Chinese state-owned ships entered the territorial waters of disputed islands Friday, Japan’s coastguard said, in the first intrusion since a new government was elected in Tokyo.
The move is a setback to hopes in Japan that Beijing might use the poll as a chance for a fresh start after months of bitter wrangling and rhetoric over an issue that neither side is prepared to budge on.
“Three Chinese surveillance ships entered the territorial waters near Kubajima,” said a Japanese coastguard official, referring to one of the islands in the Senkaku chain, known as Diaoyu in China.
The coastguard said three Chinese ships were spotted northwest of Kubajima island at around 10:20 a.m. local time.
A fisheries patrol ship was also in contiguous waters 37 kilometres west-northwest of Uotsurijima island, it said.
China has sent its official ships into the islands’ waters 19 times since Tokyo nationalized the chain in September, the coastguard said, with analysts saying Beijing intends to prove it can come and go as it pleases in the area.
The ante was upped last week when a Chinese plane overflew the area, in what Japan said was the first time Beijing had breached its airspace since at least 1958. Tokyo scrambled fighter jets in response.
But the State Oceanic Administration vessels have remained outside the 12-nautical-mile ring of the archipelago’s territorial waters since Sunday’s election, in which the hawkish Shinzo Abe swept to power, vowing a tough line on Beijing.
In one of his first broadcast interviews after the election win he said there was no room for compromise in the row and put the onus for improved relations on Beijing.
“Japan and China need to share the recognition that having good relations is in the national interests of both countries,” he said. “China lacks this recognition a little bit. I want them to think anew about mutually beneficial strategic relations.”
Mr.
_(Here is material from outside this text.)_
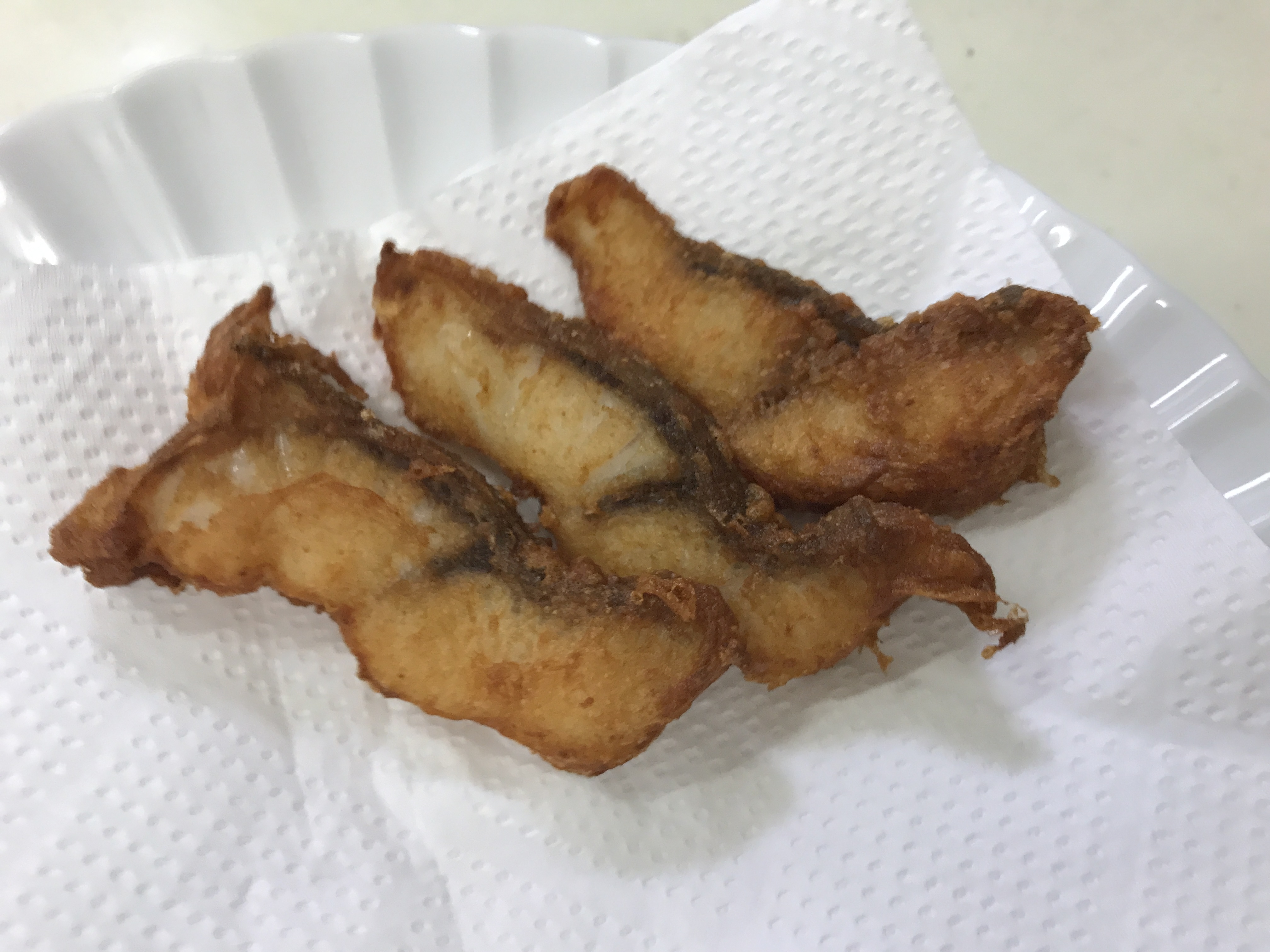ウロコを取る場合、大きい場合は皮を引いた方がいいですが、お湯をかけて撫でてあげると、ボロボロと取れます。唐揚げの場合は皮部分も食べられるのでお湯がおススメ。

Abe has pushed an agenda that includes upgrading the country’s “Self Defence Forces” to make them a full-scale military, and has spoken of wanting to revise Japan’s pacifist constitution.
But analysts have said at least some of this could be posturing.
They point to the pragmatism of his earlier 2006-2007 tenure as prime minister, when his opinions on controversial issues that could aggravate China were ambiguous or were just left unsaid.
As premier he stayed away from Yasukuni Shrine, which honours Japan’s war dead, including Class A war criminals, and is a running sore in Tokyo’s relations with its neighbours.
Mr. Abe also made China his first foreign destination.
Following his victory on Sunday, he said he would make rebuilding Japan’s alliance with Washington his top foreign policy goal and said it would be the first place he visits after assuming office.
Despite warm words about the importance of economic ties with Beijing – China is Japan’s biggest trading partner – Mr. Abe stressed the need to build relations with other countries, such as India and Australia.